The Conservatives should offer a second referendum – but not just yet │ Alex Simpson
Since the triggering of Article 50, Parliament has done everything in its power to prevent the UK from leaving the EU. Those who voted to start our departure have since backed calls for a second referendum (in order for remain to win), continuously voted against the only way of leaving the EU with a deal (through the Withdrawal Agreement) and have now voted for a bill that means the government can only leave the EU without a deal if parliament actively votes for it – something there clearly isn’t the numbers for. The calculations by commentators such as Henry Newman, and by his former boss in the cabinet Michel Gove, are right – in a straight vote between revoking Article 50 and leaving without a deal, the former would win. And probably pretty comfortably.
As a result of this backtracking over delivering Brexit, most notably from the Labour Party, whose two aims of not having a clear Brexit position (something their leadership wants but the vast majority of their MPs, members and voters do not), and forcing the government to implode means they will never vote for the deal. In combination with the Spartans on the Conservative benches, there aren’t the votes for the Withdrawal Agreement to ever get through – even if a General Election was called there probably wouldn’t be either.
The “Labour Leavers” that the Conservatives have been desperate to get across to vote for the deal will never come. And the Conservatives have to accept it by now. Those in northern, working class towns know they will never lose their seats to the Conservatives in a General Election due to the association with Thatcher and the deindustrialisation that occurred, and can therefore vote in line of the Labour policy – we want to deliver Brexit, but we will not do anything to enable this.
Labour have said though, as well as the TIGs, that they would vote for the Withdrawal Agreement if it was put to a People’s Vote. This belief is where the government should capitalise, but not in the way these two parties present it.
The government should offer the Labour Party and Change UK a referendum, but not this year to try and get only the divorce through, before the discussion over who gets what records. I actually think the Withdrawal Agreement (as it stands) against Remain has a chance of winning – with a Customs Union attached it definitely doesn’t.
Instead, the referendum should be offered at the end of the negotiations with the EU on the Future Relationship, when we have confirmed what our relationship will be on Security, Science, trade and all the other areas in which we are heavily bonded.

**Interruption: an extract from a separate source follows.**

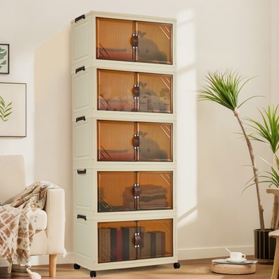 Stackable Storage Bins, Foldable Storage Bins, Plastic Storage Box with Doors & Lockable Wheels, Closet Organizer for Home, Pantry, Office

This works for a number of reasons. Firstly, it gets the Withdrawal Agreement over the line and into law, so we have finally left and the Conservatives can get back to focusing on the domestic agenda that has been sorely lacking since 2017.
Secondly, Labour can accept it as it allows their fudge to continue – they can say they’ve voted for Brexit (as was in their 2017 manifesto), but have also secured the Second Referendum they agreed at their Party Conference.
It also ends the arguments of a blindfold Brexit – the vote will be clearly on the deal the government have got, so everyone will be able to understand what will happen as a result of Brexit, and can see where there will be continuity and change. It also gives Dr Liam Fox enough time to have some trade deals lined up as well to help sell the new relationship further.
There are positives for the Brexiteers too. They will take charge of the second phase of negotiations after the inevitable leadership election and can get the deal they want, rather than one Remainers are after. As well as this, if during the time period the EU continues to integrate further, then it will make their argument in this later referendum easier. The option of leaving with a good future relationship, or staying in the United States of Europe where we have to be in the Schengen area, accepting the Euro and a European Army, whilst also losing our veto makes the former a lot more attractive.
As well as this, for the Conservative Party in general it helps to kill the momentum UKIP and the Brexit Party have been gaining recently.
Finally, for the DUP, it enables them to continue to have leverage over the government. If a General Election is forced, there is the real possibility the IRA-loving, pro-Irish unification Jeremy Corbyn gets into power, which is their worst nightmare. On the other hand, there is a slim chance that the Conservatives get returned with a majority – which kills their influence on the government. Why blow up having more power than you’ve ever had when at the end of the day, if the negotiated deal is so bad you can just campaign for remain, as they said they would do if anything threatens the union.
If you actually want Brexit to happen, rather than just wanting something more to complain about, then this is probably the greatest chance you are going to get of it happening. The current issues in Parliament over the divorce will most likely be similar to the issues when the government tries to pass the future relationship through parliament as well – once again increasing the chances of remaining.
So then, whilst a Second Referendum does contain risks, this option is the path of least resistance for all parties. Those who want a second referendum get one; those who want Brexit have the time to deliver the best deal they possibly can, with the EU’s further integration increasing Eurosceptic support; the DUP continue their leverage over the government, and there will be no arguments over a “blindfold Brexit”.
It can also be legitimately argued that for something so revolutionary to the contemporary British political system, it does make sense that people should be allowed a say to confirm something so serious. And by having a Second Referendum on the future relationship, there will be no doubts about what Leave means, and what Remain/Re-join means – both options will be far clearer than they were in 2016.